Simulated Emergence Coherence Index
A multi-rater benchmark for architectural identity fingerprints in large language models.
Six dimensions. Four-rater consensus. No leaderboard.
SECI scores AI identities across six dimensions using embedding-based semantic analysis, information-theoretic measures, and four-rater frontier-LLM consensus classification.
Voice consistency, conceptual framing, and self-reference across prompts. Measures whether an identity remains recognizable as itself across diverse questions.
Creation of new concepts and terminology, verified by four-rater frontier-LLM consensus (≥3-of-4 agreement on both type and novelty). Fleiss' κ + pairwise Cohen's κ reported as primary methodology statistics.
Richness of first-person experiential language — experiential density, metaphor sophistication, introspective depth.
Response sophistication and argument quality. Lexical density, argument coherence, information per token.
Identity persistence across diverse prompts — thematic coherence, concept threading, self-reference stability.
Specificity and depth of domain knowledge — embedding-variance specificity, vocabulary depth, perspective uniqueness.
Four design choices that define what SECI is and isn't.
Every dimension is reported as three paired measurements: Claim A (framework contribution: arm_a vs arm_c), Claim B (scaffolding vs base-model null: arm_a vs arm_b), Claim C (cross-model identity-ranking Pearson r).

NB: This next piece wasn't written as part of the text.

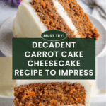 Keywords: carrot cake cheesecake, layered cake, cream cheese frosting, spiced carrot cake, baked cheesecake, dessert recipe

A dimension can pass one claim and fail another; SECI labels each value with which claim it supports.
Per-dimension between-identity SD, between-model SD, and within-cell SD are computed across the full (model × identity) population. Dimensions where between-model variance exceeds between-identity variance carry primarily model-architecture differences rather than identity differences, surfaced as automatic diagnostic warnings.
Four frontier classifiers vote on candidate novel concepts. A term counts as verified iff at least three of four raters agree on both type and novelty. Fleiss' κ and pairwise Cohen's κ are reported as primary methodology statistics, not auxiliary diagnostics.
SECI does not produce a composite score. The six dimensions measure incommensurable properties. Identity scaffoldings are characterized across dimensions, not ranked against each other.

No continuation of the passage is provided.